No for the default CI path. sunpeak inspector tests run against replicated ChatGPT and Claude runtimes on the GitHub Actions runner, so they do not need host accounts, host credentials, model calls, or AI credits. Keep live host tests in a separate opt-in job because those do use real host sessions.

What should my default MCP App CI/CD workflow run?

Run typecheck, lint, unit tests, and inspector E2E tests on every pull request. Add visual regression tests when UI layout matters. Run live host tests and multi-model evals on main, release branches, or manual dispatch because they depend on external accounts or API keys.

How do I run MCP App end-to-end tests in GitHub Actions?

Install dependencies, install Playwright browsers with pnpm exec playwright install --with-deps chromium, then run pnpm test:e2e or pnpm test. The sunpeak Playwright config starts the inspector, connects to your MCP server, renders the app in host iframes, and shuts everything down after the suite.

Can I run MCP App tests against both ChatGPT and Claude in CI/CD?

Yes. The defineConfig() helper from sunpeak/test/config creates Playwright projects for supported hosts. One E2E spec can run against ChatGPT and Claude inspector runtimes, which catches host-specific layout, theme, display mode, and bridge behavior before release.

Should I cache pnpm and Playwright in GitHub Actions?

Yes. Use actions/setup-node with cache: pnpm and cache-dependency-path pointing at your pnpm-lock.yaml. For Playwright, either install Chromium every run with --with-deps, or cache ~/.cache/ms-playwright if browser download time is material for your repo.

How do I handle visual regression screenshots in CI?

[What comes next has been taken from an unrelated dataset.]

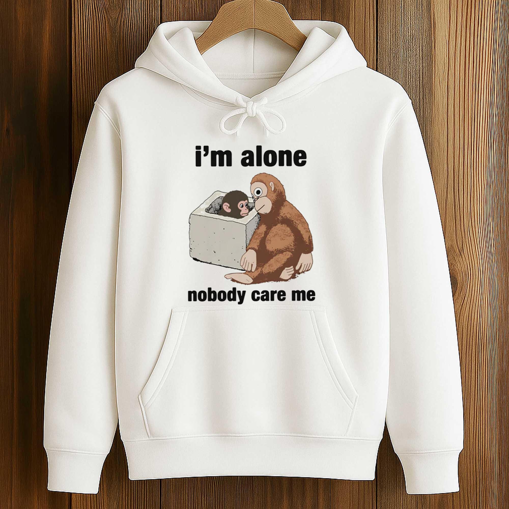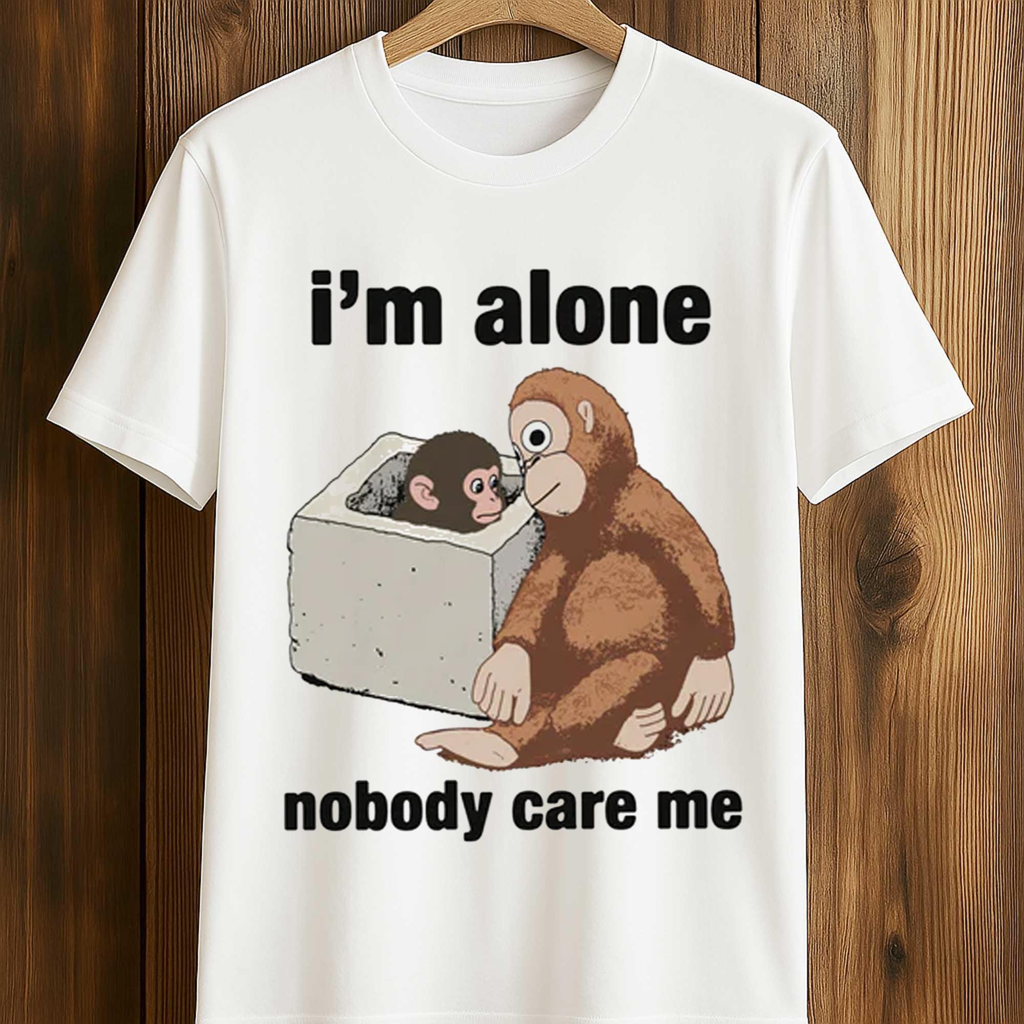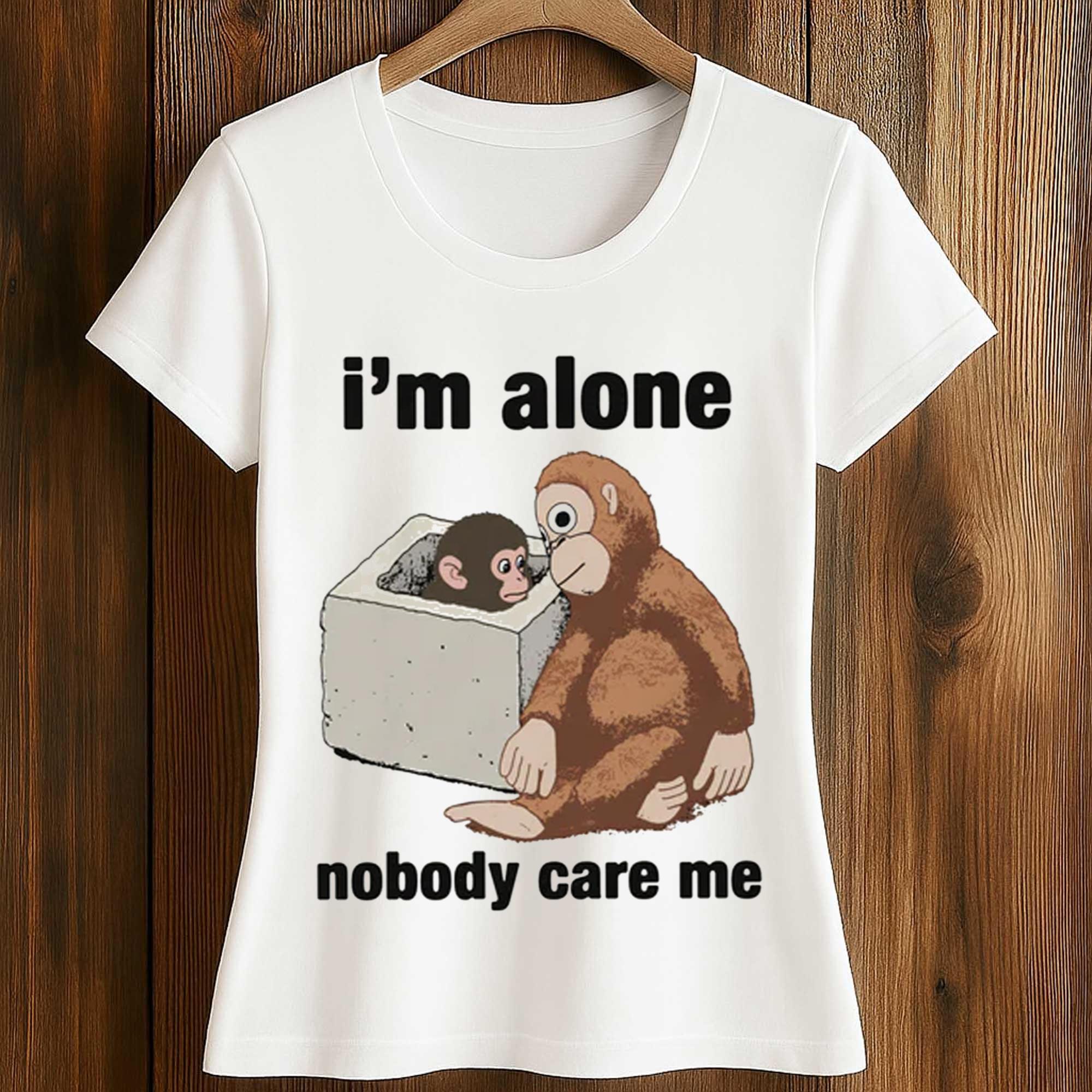 The I’m Alone Nobody Care Me Shirt is gaining attention on social media platforms thanks to its blend of sadness and humor. Inspired by a viral cartoon image, the design shows a small monkey sitting alone next to a larger friend, accompanied by the phrases “I’m lonely” and “nobody cares about me.”

Store approved baselines in the repository, run pnpm test:visual in CI, and upload Playwright reports plus test-results artifacts on failure. Update baselines only after reviewing the diff and confirming the UI change is intentional.

Should MCP App evals run on every pull request?

Usually no. Evals call real models, cost provider credits, and can be slower than inspector tests. Run them after tool schema, tool description, or app context changes, and gate the eval job to main, release branches, or manual dispatch.

What changed since earlier MCP App CI guides?

MCP Apps are now documented as a shared MCP extension rather than a ChatGPT-only pattern. OpenAI recommends the standard _meta.ui.resourceUri field for linking tools to UI resources, while keeping OpenAI-specific aliases for compatibility. CI should test the portable MCP App contract first, then add host-specific checks where your app uses host extensions.